China’s economic recovery likely strengthened last quarter while manufacturing and retail sales advanced in March, official reports this week may show
JD.com slides as some analysts turn more bearish on the stock amid heightened competition in the e-commerce industry
Hong Kong stocks were steady near a one-week high before government reports this week signalling China’s economy strengthened last quarter as manufacturing expanded. JD.com tumbled as some analysts warned of market-share loss.
The Hang Seng Index rose 0.2 per cent to 20,478.83 at 10.15am local time, adding to a 0.5 per cent advance last week. The Tech Index climbed 0.6 per cent while the Shanghai Composite Index advanced 0.6 per cent.
HSBC jumped 2.3 per cent to HK$56.90 while China’s top chip maker SMIC rose 3.1 per cent to HK$24.65. BYD led carmakers higher, adding 1.5 per cent to HK$230.20 while Xpeng rallied 7.4 per cent and Nio climbed 4.11 per cent.
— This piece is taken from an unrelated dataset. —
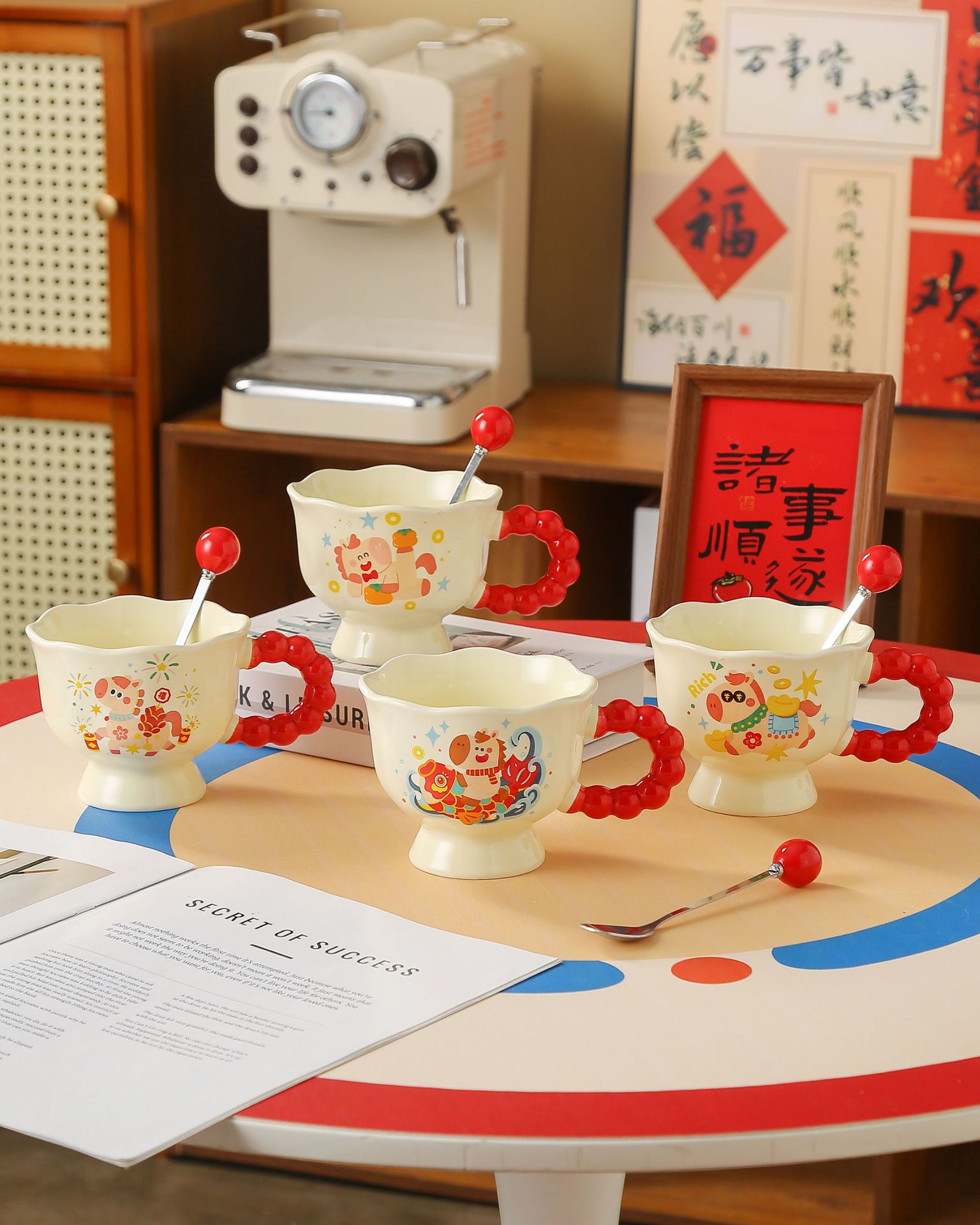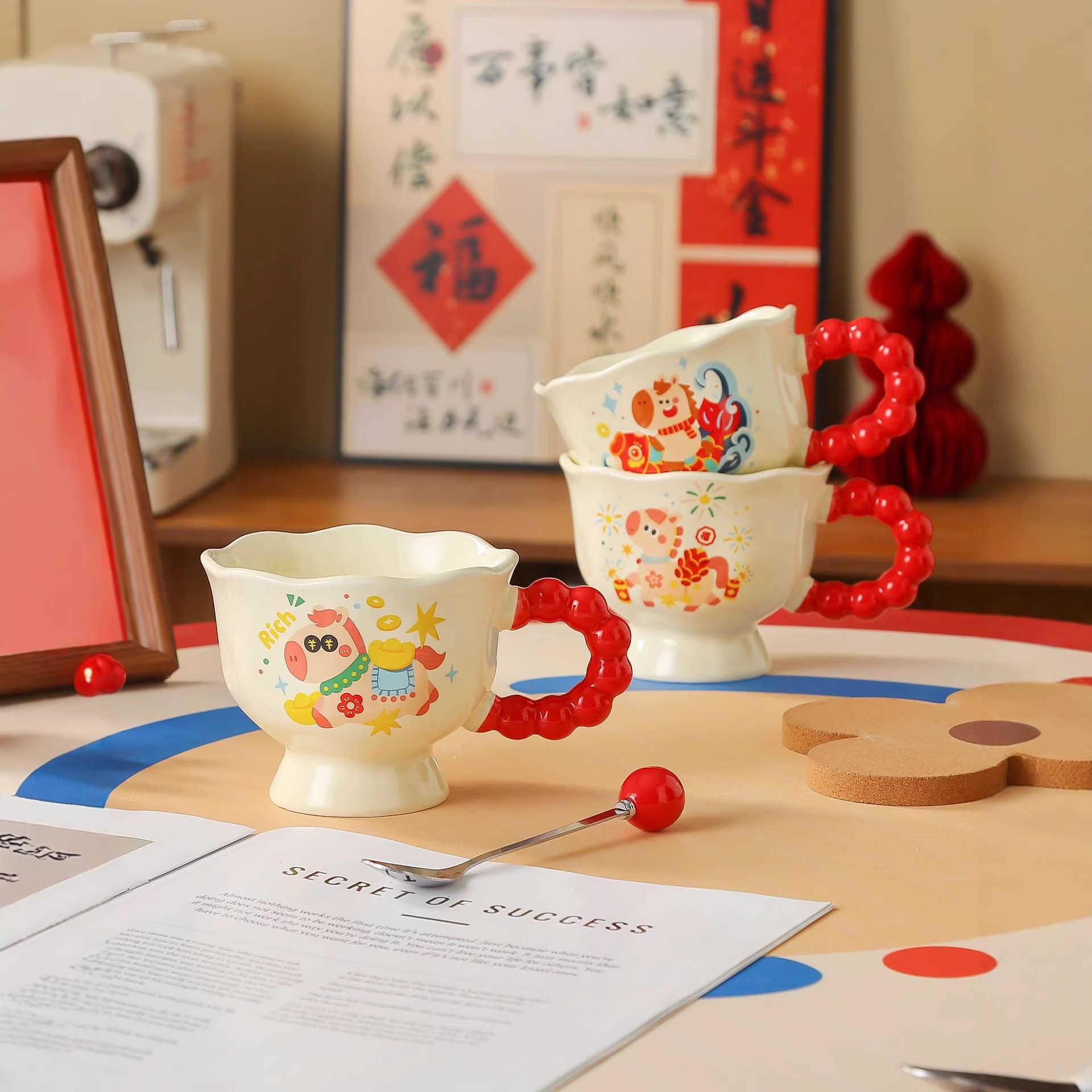 陶瓷杯春节喜庆可爱马克杯马年伴手礼实用水杯新年礼品套装 English | 投诉

Limiting gains, JD.com slumped 1.4 per cent as analysts including UBS and Blue Lotus Capital Advisors warned of weakening operating results in the short term amid heightened competition. Alibaba Group fell 0.6 per cent to HK$93.60 amid an internal reorganisation while Tencent slipped 0.4 per cent to HK$363.80.
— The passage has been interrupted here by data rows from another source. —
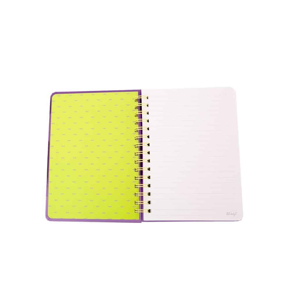 Libreta de tamaño A5 con tapa dura, encuadernación en espiral y un diseño en su portada que, en parte, brilla en la oscuridad. Con xxx hojas con certificación FSC, que garantiza que ha sido fabricada con papel proveniente de bosques gestionados de forma responsable.
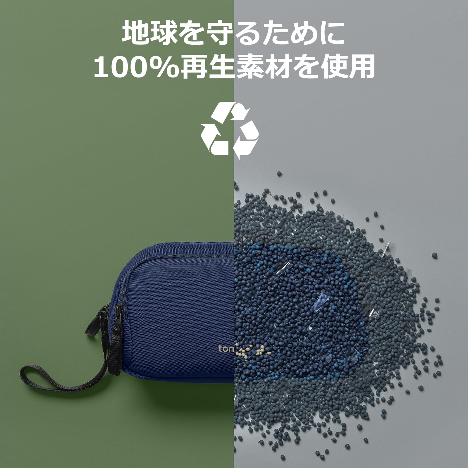 tomtoc ガジェットポーチ 大容量 トラベルポーチ PC周辺小物収納ポーチ 小物入れ バッグ ケース ケーブル アダプタ モバイルバッテリー マウス収納 出張 お出掛け オフィス 旅行 便利グッズ バックインバッグ 二層 自立 撥水 軽量 ネイビー
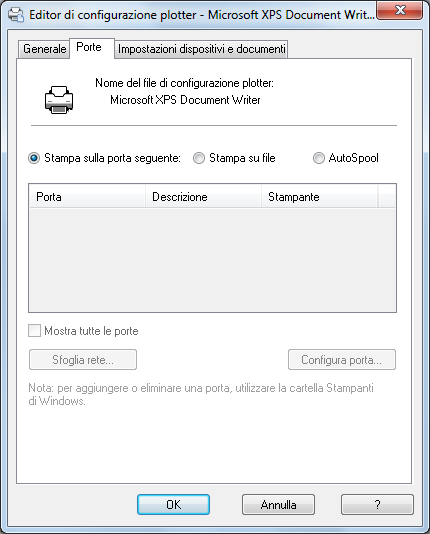 Visualizza le porte disponibili sulla rete, per consentire la connessione ad un'altra istanza di un plotter non di sistema.

Investors are keeping bets light amid geopolitical tensions as G-7 foreign ministers gather in Japan with China being front and centre of discussions.
Local stocks rose 0.5 percent last week, while global stocks advanced 1.3 per cent for a third week of gain in four after reports showing slowing inflation in the US.
Two companies began trading today. Industrial metal producer Farsoon Technologies surged 29 per cent to 24 yuan in Shanghai, while flooring manufacturer Anhui Sentai Group gained 28 per cent to 36 yuan in Shenzhen.
Elsewhere, most Asian markets were also steady. The S&P/ASX 200 in Australia added 0.4 per cent while the Nikkei 225 in Japan and the Kospi in South Korea were both little changed.